SF(すこし・ふしぎ)映画の最高峰「ドロステのはてで僕ら」をきみは見たか? 大絶賛の5つの理由を全力で解説(3/3 ページ)
これは故・藤子・F・不二雄が提唱したジャンルであり、「ありふれた日常の中に紛れ込む非日常的な事象」をテーマとして扱ったものだ。「ドロステのはてで僕ら」を見終えたときにはきっと、『ドラえもん』や『エスパー魔美』といった作品と同じように「ああ、すこし・ふしぎの物語だったんだ」という感慨を覚えることだろう。
4:未来にまつわるメッセージ
タイムトラベルものにおいて、「未来を知るのは良いこととはいえないのでは?」という諌言がされることはよくある。この「ドロステのはてで僕ら」でも、主人公の男・カトウは未来を知ることに対して否定的な考えをもっている。
劇中では、2分前の自分が女性をデートに誘ったのだから、現在の自分もデートに誘わなければならなくなっている、劇中の言葉で言うところの「未来に引っ張られている」という状態なので、そのカトウの意見により同調できるだろう。
そして、“未来を知ること”からスタートしたこの「ドロステのはてで僕ら」では、未来のことを知り得ない、タイムトラベルなどできない現実の私たちに向けた、とてつもなく感動的なメッセージが用意されていた。
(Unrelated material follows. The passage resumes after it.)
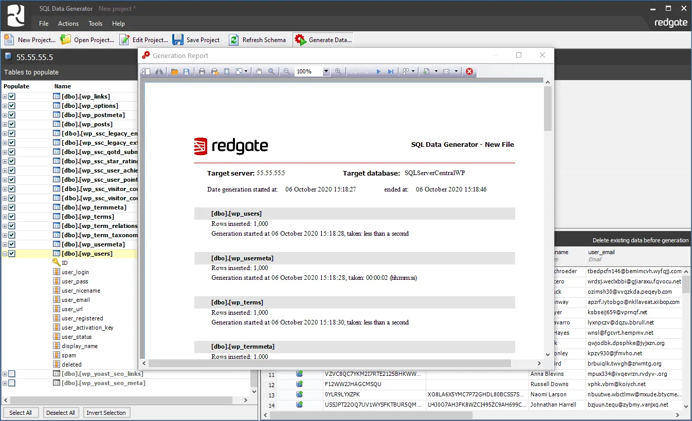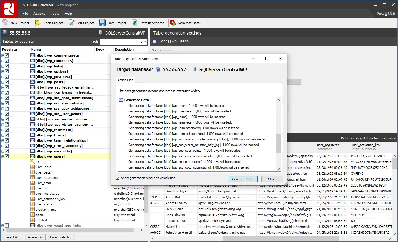 SQL Data Generator is a fast, simple tool for generating realistic test data.

それは同時に、「なぜ世の中にはSF(すこし・ふしぎ)やファンタジーがあるのか」「なぜそれを私たちは“楽しむ”のか」という創作物の意義そのものの“問い直し”にもなっていたのだ。
このメッセージをもって、「ドロステのはてで僕ら」は真の大傑作になったと断言する。それは「バック・トゥ・ザ・フューチャー PART3」における名言「未来は自分で切り開くものなんだよ! だから頑張るんだ!」に似ているようで、それとも少し違う。「この映画を作ってくれてありがとう!」と心からの拍手喝采をしたくなるほどの、素晴らしい価値観の提示であった。
5:劇団ヨーロッパ企画の作品の面白さを知ってほしい
本作を手掛けたのは、人気劇団のヨーロッパ企画だ。公演以外でも、映画やドラマの脚本の執筆、バラエティやラジオ番組の制作、はたまたスマホ向けアプリの開発など、多方面に渡って活躍している。
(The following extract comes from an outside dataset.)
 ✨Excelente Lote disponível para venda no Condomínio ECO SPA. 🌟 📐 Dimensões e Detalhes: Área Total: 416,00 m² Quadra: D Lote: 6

ヨーロッパ企画や、その代表である上田誠が脚本や企画を手掛けた作品群は、物語が練りに練られており、やはりとんでもなく面白い。同名の舞台を映画化した「サマータイムマシン・ブルース」は本作と同じく小さな範囲のタイムトラベル要素が楽しく、森見登美彦の小説をアニメ映画化した「ペンギン・ハイウェイ」もSF(すこし・ふしぎ)のエッセンスを存分に感じる内容であったし、「前田建設ファンタジー営業部」も“マジンガーZの格納庫を実際に作れるのか?”というバカバカしくもある問いを突き詰めた志が高い映画だった。
さらに、直近では7月12日にYouTubeでライブ配信されたSFドラマ「U.F.O.たべタイムリープ」もすこぶる面白かった! こちらはタイトル通り「恋はデジャ・ブ」や「ハッピー・デス・デイ」に通ずる、同じ時間を繰り返す“ループもの”で、長回しによる撮影には確かな意義があり、予想の斜め上を突き抜ける展開がめじろ押し。さらに主演の宮野真守のオンステージぶりも徹頭徹尾楽しめるという内容だ。U.F.Oをまんまと食べたくなるので、宣伝としても圧倒的に正しい。
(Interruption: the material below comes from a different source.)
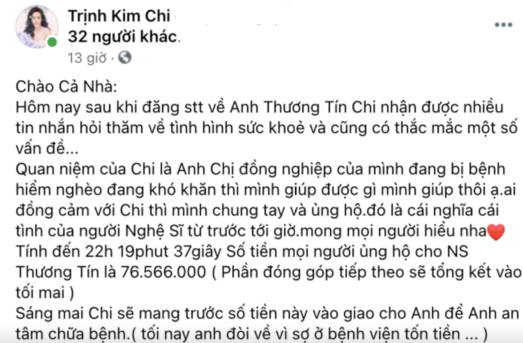 Chi Bùi Kim CHi bên giường bệnh. Riêng Á hậu - NSƯT Trịnh Kim Chi, với vai trò Phí chủ tịch Hội Sân khấu TPHCM đã tổ chức vận động các anh em nghệ sỹ cùng quyên góp cho Thương Tín và số tiền chị nhận được đã lên tới gần 80 triệu đồng. Kim Chi cho biết chị sẽ công bố toàn bộ số tiền, tên từng người ủng hộ trên Facebook cá nhân.
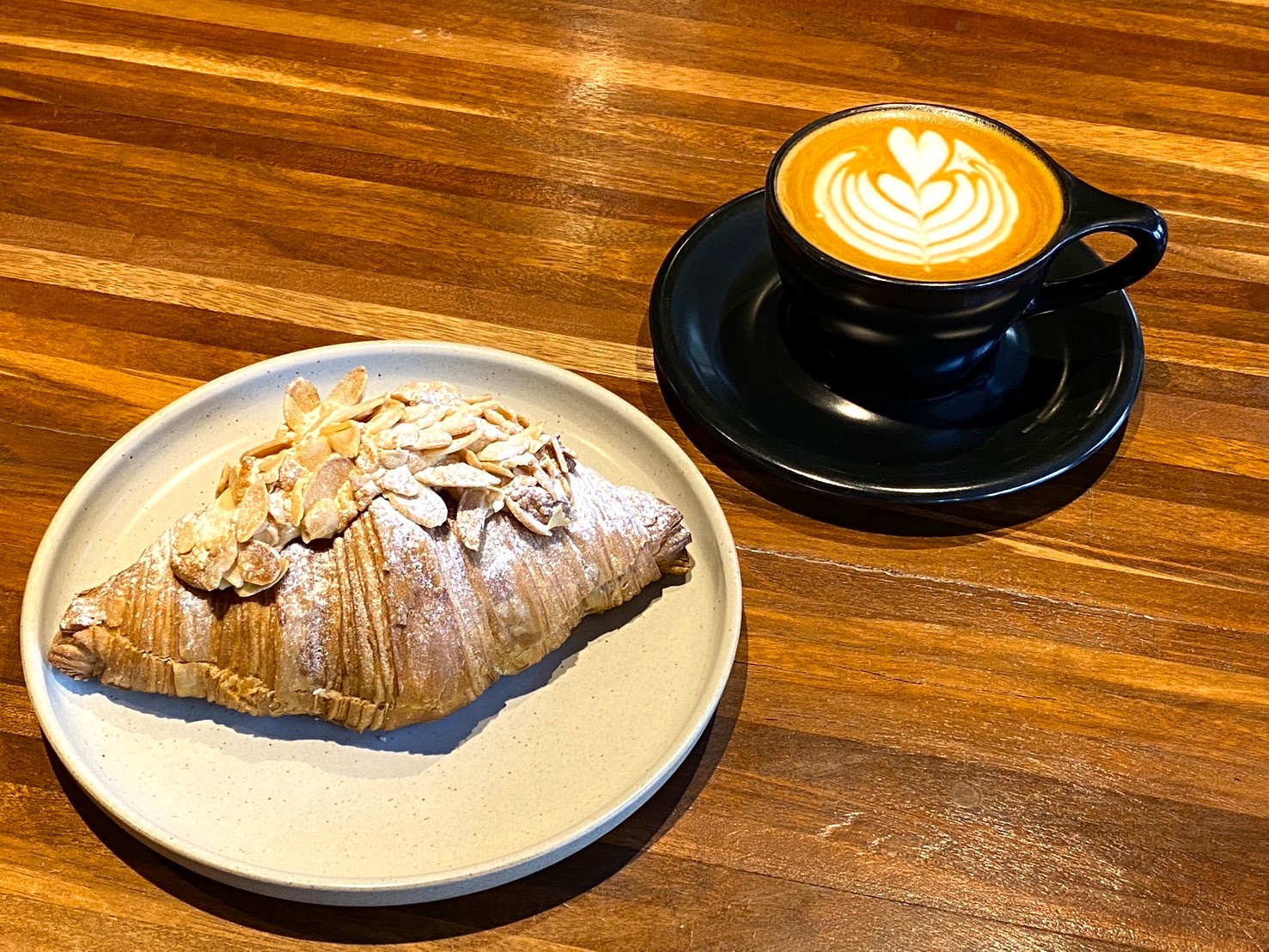 - 個人的に好きなのはこの組み合わせ!アーモンドクリームがちょうどよい甘さ!ナッツ好きな方は気に入るはず✨ラテとの相性も抜群です。

さらに、この「ドロステのはてで僕ら」の原型となった10分の短編映画「ハウリング」も、現在U-NEXTで見ることができる。短編の時点から十分すぎるほどの面白さがあったこと、長編化において単なる“引き伸ばし”にしない工夫がたくさん追加されていることも分かるだろう。
これらの劇団ヨーロッパ企画の作品はどれも傑作ぞろいだが、今回の「ドロステのはてで僕ら」がヨーロッパ企画が初めて劇団全員で取り組む長編映画である、ということも特筆しておきたい。「サマータイムマシン・ブルース」や「曲がれ!スプーン」は“舞台の映画化”であったため、言うまでもなく舞台でも展開できるのだが、「ドロステのはてで僕ら」はこれまで書いてきた通り、長回しで撮影した、全編ほぼワンカット・リアルタイム進行の、“映画”という媒体でないと成り立たない内容でもあるのだから。
また、「ドロステのはてで僕ら」で芸達者な劇団ヨーロッパ企画の団員たちが演じている、ダメダメなところが多いキャラクターも愛おしくてしょうがない。しかも、今回は「かぐや姫の物語」で主人公の声を務めた他、「七つの会議」や「仮面病棟」などメジャーな映画にも出演している朝倉あき演じるヒロインがめちゃくちゃかわいいことになっている。朝倉あきがめちゃくちゃかわいい(大切なことなので2回)。
現在「ドロステのはてで僕ら」を上映している劇場は、東京都内では下北沢トリウッド、TOHOシネマズ池袋、TOHOシネマズ日比谷の3館とわずかで、全国でも30館弱と、鑑賞できる機会そのものが少ないという状況だ。それでも、7月10日からは一部のイオンシネマでの公開がスタートし、徐々に上映劇場は増えていってはいる。気になった方はいま一度、劇場情報を確認してみてほしい。
もう、ここまで「大好き!」と、「大傑作!」と、そして「全人類見て!」と、大絶賛できる映画はなかなかない。最初に掲げた通り、この世で一番面白い70分間を期待しても、きっと裏切られることはないだろう。また、エンドロールの最後には、とある斬新な“おまけ(と呼ぶのにはあまりに重要なもの)”も用意されているので、お見逃しのないように!